By Kathleen Sullivan

The lights dimmed and the theatre hushed. Spotlights swirled in the dark from one person popping up out of the darkness to the next as a late-night emergency meeting of refugees unfolded in front of us. I was at the Playhouse Theatre in London and then I was transported somewhere else.Set in a reimagined version of the ‘Afghan Café’, there we were, suddenly in the middle of The Jungle of Calais.

The stage, set with a platform wrapping around tables, chairs, pillows, and posters, resembled a cozy yet provisional slum restaurant – I could almost swear I smelled spices matching the colours of the scene. Audience members sipped and nibbled as one character, and then another, jumped onto the stage in front of their tables. I sat perched above in the gallery looking down at the performance, listening as the actors – some of whom were actual migrants re-enacting versions of their experiences – shared incredible stories of hardship and hope from the border-town slum village that came to be called The Jungle. ‘The Jungle’, which ended its West End run in London after I saw it in November, was picked up for a sold-out U.S. run at St. Ann’s Warehouse in New York and will begin performances at San Francisco's Curran from March 2019.

Months after my viewing, I’m still ruminating, lingering on the powerful stories told, and also, what we can learn from them. The play is a fictional portrayal and amalgamation of the realities of the men, women, and – notably – children who came to live at the edge of Calais in the so-called makeshift migrant city, which self-assembled and then was abruptly demolished in 2016. After surviving harrowing journeys from Africa and the Middle East, these asylum seekers made a home in The Jungle, as a stopgap, in limbo – hoping to make the final leap to the U.K., but many found themselves stuck there at the border.

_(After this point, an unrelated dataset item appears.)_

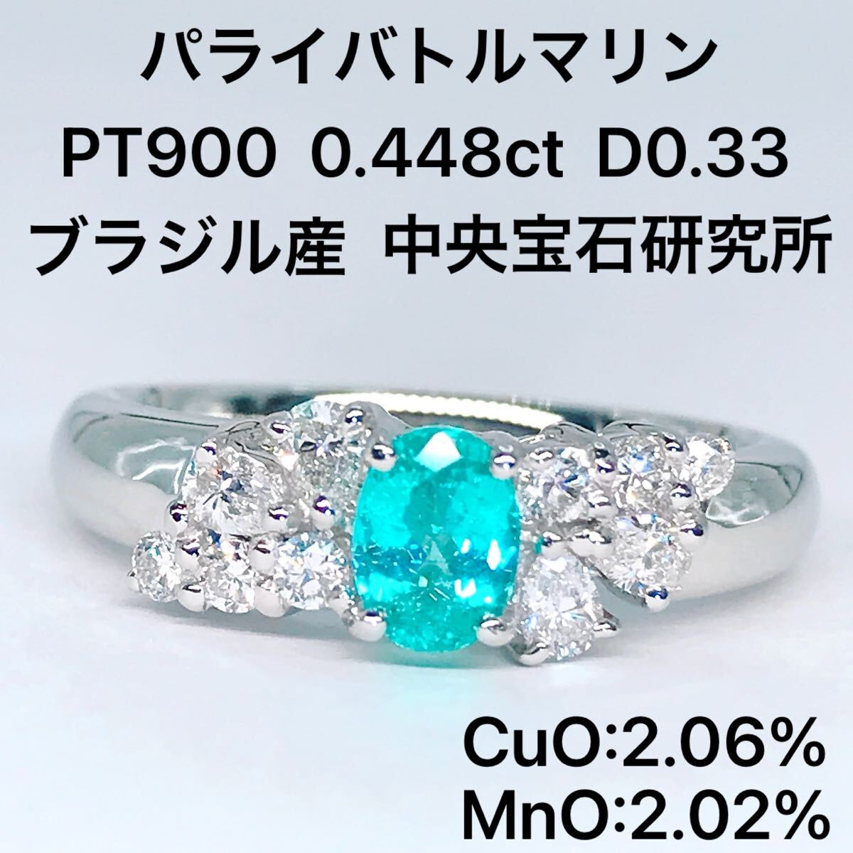 > パライバトルマリン 0.448ct ダイヤモンド 0.33ct リング PT900 ブラジル産 ネオンブルー 鑑別書 中央宝石研究所 Paraiba Tourmaline

Little ‘Amal’ is a young girl in the play – she is an unaccompanied minor, often wandering about, on her own, clutching a ragged stuffed animal, or holding the hand of an aid worker, ‘Paula’, who takes her under her wing when she can. She has no parents, no healthcare, no education. Her story – that of child migrants – stuck with me. I watched as they celebrated her birthday with what little they had. She didn’t know her actual birthdate – since running from a war-torn country meant there were no official records – many celebrated their birthdays on January 1.

 

 

Throughout the play, Paula is often the character taking care of Amal and also the one championing child rights – fighting to protect the children of The Jungle. She looks after Amal and cries out in anger that the International Convention of the Rights of the Child has been blatantly ignored in the context of migrant children. She is angry that the U.K. fails to live up to its commitment to reunite migrants with existing family members in the U.K, and even when it does, the children often have no support when they get there.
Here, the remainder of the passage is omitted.